Brian Schrock wrote:
However, I am still wondering if it isn't possible to use the Neo1973 as
a card-reader/writer from my desktop PC (running Slackware), as I would
really prefer not to have to every time I have a new image, move the SD
card from the Neo to the PC and back. Such an excersize *will*
eventually ruin the SD card holder in the Neo.


Well you could do this...

easy)
 Just use ssh to browse the card. This is how I do it, plus Konqueror
actually has a mode where all I need to do is
fish://[EMAIL PROTECTED]:/media/card and I can browse and manipulate it
all day till my hearts content.

I don't use Konqueror, but now I know about the option.
hard)
 Use network block device so you can actually mount the SD card from
over the network and manipulate the card like it was directly
attached. Not sure why you would want to do this, but you can. You
would  have to make sure the nbd driver is on the phone, but it should
work exactly as you were requesting.

http://nbd.sourceforge.net/

Thank you for this, I'll look into it as that looks like what I was looking for.
Then, does it also mean that I have to format the SD card to ext2 in an
external to the Neo, card reader/writer?
Or is it possible to use the default vfat file system on the card?

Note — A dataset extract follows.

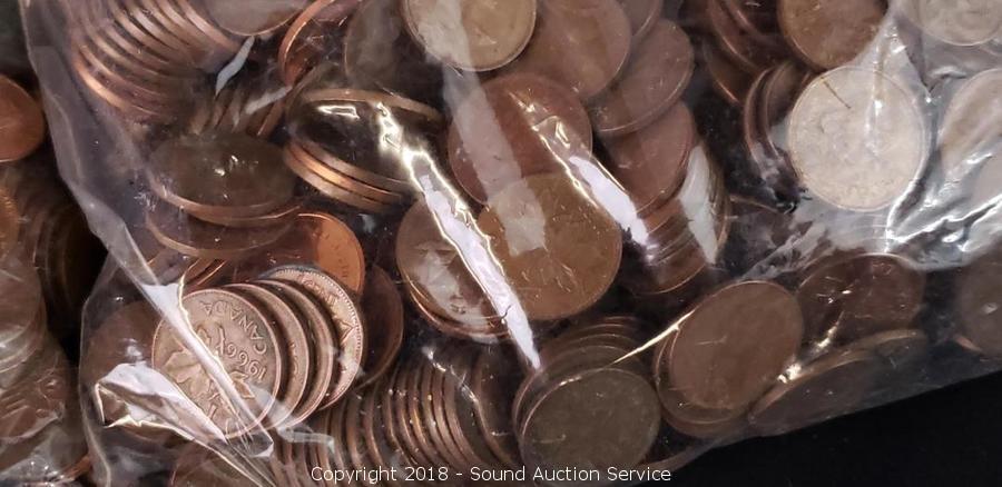 One of the pennies bags is Canadian one is American. TW: US Pennies = 7lbs, Canadian Pennies = 4.12lbs, US Nickels = 1lbs & US Dimes = 8.8oz. ATTN: We are not coin experts or graders please use your own judgement when bidding.
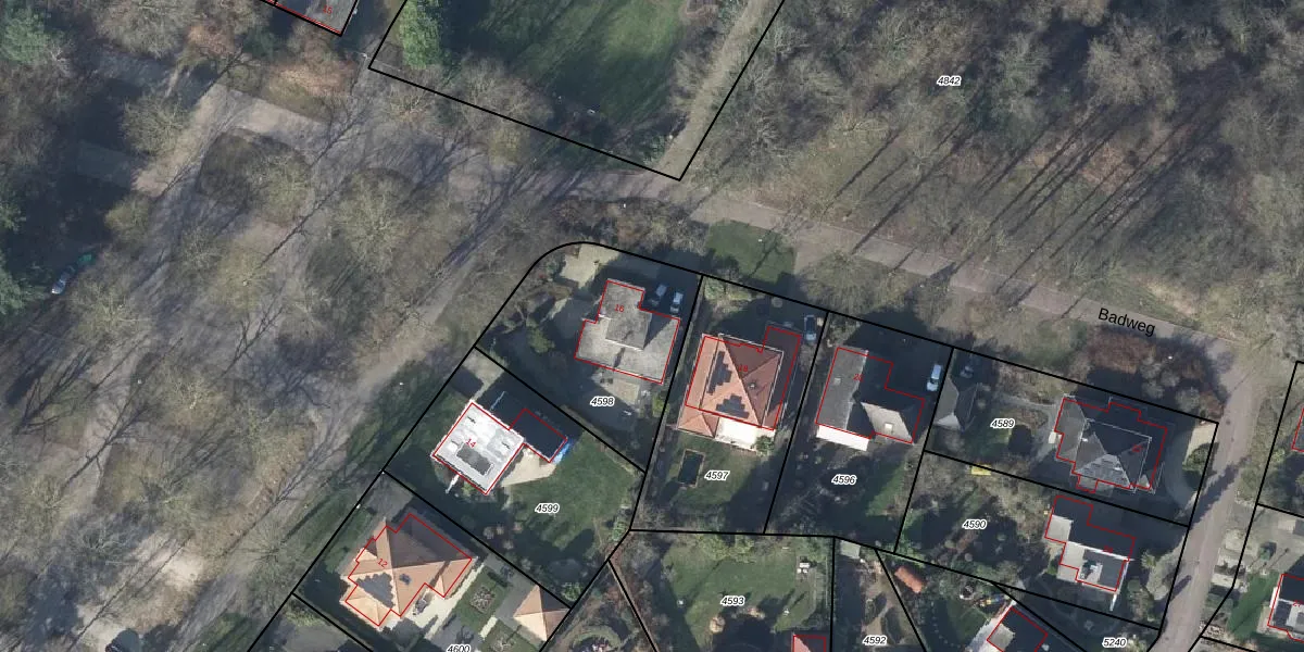 Het perceel waarop Badweg 16 staat heeft een oppervlakte van 714 m². Dit is een groot perceel. De perceeloppervlakte wordt geregistreerd door het Kadaster. Gedetailleerde informatie over de maten van dit perceel kunt u vinden in het rapport Kadastrale kaart met maatvoering van Badweg 16.

I have not formatted any of my cards yet, not sure what the card was
that came with the neo (I never looked), but the my new 2GB card is
vfat and maybe that is why I am having problems with mine...

Normally, SD cards come pre-formatted with a FAT16 file system, setting the upper limit to 2GB.
Just out of curiosity, what issues have you seen with a 2GB card? I
suppose that so far, only SD is supported, and not SDHC?

I am not sure what SDHC is (And too lazy right now to look it up) but
my card was a standard cheapo kingston 2GB micro SD card from
Microcenter (like $40). I stuck it in and tried to copy a 300+MB file
and it failed part of the way through. I have not looked into why yet,
but I will soon.
SDHC is the next generation of the SD standard, and it allows cards larger than 4GB, which is the limit of the old SD standard. Also, FAT32 is the default file system it comes with and that also breaks the previous 2GB limit.

Kingston products are OK in my experience, and cheap prices on SD cards are usually just because of very low speeds.